После ужина ко мне пришла жена. Села на большую осиновую тюльку возле забора и спросила:
– Чего это ты, Андрей, так и будешь один дрова колоть? Друг-то твой где шатается?
– Не знаю, – ответил я, еле сдерживая раздражение.
– Вот те на! – удивилась жена.
– Ну, не пришёл пока. Что я, искать его буду?
– Значит, вино пить вместе, а работать – врозь. Так что ли? Интересно получается.
Я хотел было снова огрызнуться на неё, но не смог. Жена была в шелковом голубом халате с горошками. Ей идет этот цвет, потому что глаза у неё тоже голубые и наивные, как у ребенка. Только в последнее время я замечаю в них всё больше грусти. Я замечаю в них больше глубоких холодных теней, чем яркого тёплого света. Наверное, в этом есть и моя вина.
– Тогда не надо было за работу браться, если не уверен в человеке, – с укором продолжила Тамара. – Хотя какой он человек. Пропойца несчастный!

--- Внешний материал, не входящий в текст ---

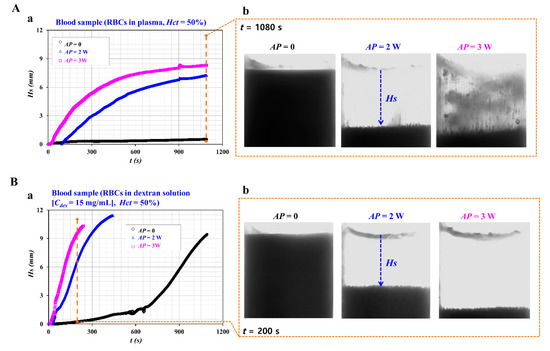 Contributions of acoustic power to RBC-to-liquid separation. (A) Variations of Hs for blood sample (Normal RBCs in plasma, Hct = 50%) with respect to the acoustic power (AP). (a) Temporal variations of Hs with respect to AP. (b) Snapshot captured at t = 1080 s with respect to AP r. (B) Variations of Hs for blood sample (Normal RBCs in dextran solution (Cdex = 15 mg/mL), Hct = 50%) with respect to AP. (a) Temporal variations of Hs with respect to AP. (b) Snapshot captured at t = 200 s with respect to AP.
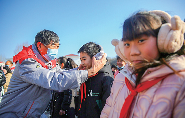 志愿者為孩子們送上耳暖
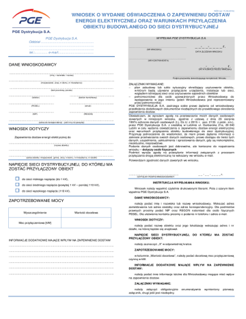 WZD (wz 15.06.2016) WNIOSEK O WYDANIE OŚWIADCZENIA O ZAPEWNIENIU DOSTAW ENERGII ELEKTRYCZNEJ ORAZ WARUNKACH PRZYŁĄCZENIA OBIEKTU BUDOWLANEGO DO SIECI DYSTRYBUCYJNEJ PGE Dystrybucja S.A. Oddział ………………………………………… ………………………………………………….. ………………………………………………….. tel.:………… e-mail:……………….…………. WYPEŁNIA PGE DYSTRYBUCJA S.A. ….……………………………………….……………………………. (NR WNIOSKU) _ _-_ _-_ _ _ _ r. DATA ZŁOŻENIA WNIOSKU ……………………………………………………………………….. (NR KONTRAHENTA) DANE WNIOSKODAWCY _ _-_ _-_ _ _ _ r. DATA KOMPLETNOŚCI WNIOSKU ……………………………………………………………………………………………… (imię i nazwisko / nazwa) …………………….………………………………………………….. Podpis pracownika stwierdzającego kompletność Wniosku ................................................................................................................................... (miejscowość , ulica, nr domu, nr mieszkania) …………………………………………………………………………………..…………. (kod pocztowy, poczta) ………………………………………… …...………………………………….. ……………………….………………. ……………………………………..... ……………………………………….. ………………………………………. (telefon) (PESEL) (telefon komórkowy) (email) (NIP) (REGON) ………………………………………………………………………………………………. (adres do korespondencji – jeśli inny niż powyżej) WNIOSEK DOTYCZY Zapewnienia dostaw energii elektrycznej do ……………………………………………………………………………………...………. (nazwa obiektu) …………………………………………………………………………………..….………. …………………………………………………………………..………………….………. (adres obiektu: miejscowość , gmina, ulica, nr domu, nr mieszkania, nr działki) ZAŁĄCZNIKI WYMAGANE: − plan zabudowy lub szkic sytuacyjny określający usytuowanie obiektu, w którym będą używane przyłączane urządzenia, instalacje lub sieci, względem istniejącej sieci oraz usytuowanie sąsiednich obiektów − pełnomocnictwo dla osób upoważnionych przez Wnioskodawcę do występowania w jego imieniu (jeżeli Wnioskodawca jest reprezentowany przez pełnomocnika) PGE DYSTRYBUCJA S.A. zastrzega sobie prawo żądania od wnioskodawcy przedłożenia dodatkowych dokumentów niezbędnych do prawidłowego określenia zapewnienia dostaw. Oświadczam, że wyrażam zgodę na przetwarzanie moich danych osobowych zawartych w niniejszym wniosku, zgodnie z ustawą z dnia 29 sierpnia 1997o ochronie danych osobowych (t.j. Dz.U. z 2015 r. poz. 2135 z późn. zm.), przez PGE Dystrybucja S.A. z siedzibą w Lublinie ul. Garbarska 21a, 20-340 Lublin w celu wydania oświadczenia o zapewnieniu dostaw energii elektrycznej oraz warunkach przyłączenia obiektu budowlanego do sieci dystrybucyjnej. Przyjmuję jednocześnie do wiadomości, że mam prawo żądania informacji o zakresie przetwarzania swoich danych osobowych, prawo dostępu do treści tych danych, uzupełnienia, uaktualnienia i sprostowania danych, gdy są niekompletne, nieaktualne, nieprawdziwe. Podanie danych osobowych jest dobrowolne, ale konieczne do rozpatrzenia wniosku – dotyczy osób fizycznych Podmiot wyraża zgodę na przesyłanie informacji związanych z procesem przyłączania drogą elektroniczną na wskazany we wniosku e-mail. Potwierdzam zgodność danych zawartych we wniosku. NAPIĘCIE SIECI DYSTRYBUCYJNEJ, DO KTÓREJ MA ZOSTAĆ PRZYŁĄCZONY OBIEKT ……………………………………........... do sieci niskiego napięcia (do 1 kV), do sieci średniego napięcia (powyżej 1 kV – poniżej 110 kV), INSTRTUKCJA WYPEŁNIANIA WNIOSKU. Wniosek należy wypełnić czytelnie drukowanymi literami. Pola z szarym tłem wypełnia PGE Dystrybucja S.A. do sieci wysokiego napięcia (110 kV). DANE WNIOSKODAWCY: ZAPOTRZEBOWANIE MOCY Wyszczególnienie _ _ - _ _ - _ _ _ _ r. CZYTELNY PODPIS WNIOSKODAWCY Wartość docelowa Moc przyłączeniowa [kW] INFORMACJE DODATKOWE MAJĄCE WPŁYW NA ZAPEWNIENIE DOSTAW należy podać imię i nazwisko lub nazwę wnioskodawcy. Wskazać adres zameldowania lub adres siedziby oraz adres korespondencyjny. Dla podmiotów prawnych prosimy podać NIP oraz REGON natomiast dla osób fizycznych PESEL. Dla ułatwienia kontaktu prosimy o podanie nr telefonu i adres e-mail. WNIOSEK DOTYCZY: należy podać nazwę obiektu oraz jego lokalizację wskazując adres i nr działki, na której będzie się znajdował. NAPIĘCIE SIECI DYSTRYBUCYJNEJ, PRZYŁĄCZONY OBIEKT: ………………………………………………………………………………………………. należy zaznaczyć „X” w odpowiedniej kratce. ………………………………………………………………………………………………. ZAPOTRZEBOWANIE MOCY: ………………………………………………………………………………………………. ………………………………………………………………………………………………. ………………………………………………………………………………………………. ………………………………………………………………………………………………. DO KTÓREJ MA ZOSTAĆ w kolumnie „Wartość docelowa”, należy podać docelową moc przyłączeniową czynną w kW. INFORMACJE DODATKOWE MAJĄCE WPŁYW NA ZAPEWNIENIE DOSTAW: należy podać inne inform

– Доколю без него. Не переживай.
– Давай! Докалывай! Ты всю жизнь так. За всех один отдуваешься… Думаешь, люди тебе за это спасибо скажут? Не надейся… Вот я на тебя гляжу – и мне тебя жаль. Больше ничего. В чем только душа держится, кожа да кости. Да ещё надо сегодня навоз у коровы вычистить, воды с колонки в баню натаскать.
– Ну и что?
– Ничего… Бросай всё и пошли домой. Бросай и пошли, а то заплачу сейчас у всех на виду… Кожа да кости… И что за мужик такой упрямый…
И мне, действительно, захотелось всё бросить к чёртовой бабушке: и дрова, и лес, и домашнее хозяйство. Не мое это дело. Не моё! Надо же когда-нибудь отдохнуть по-человечески. Это раньше считалось, что физический труд полезен, что он облагораживает, даже лечит. А сейчас об этом уже никто не вспоминает. Даже лозунг «Кто не работает – тот не ест!» стал звучать как издевательство, потому что производитель, работник как раз и получает за свой труд меньше всех. А тот, кто не работает на производстве, но распоряжается плодами чужого труда, тот всё имеет.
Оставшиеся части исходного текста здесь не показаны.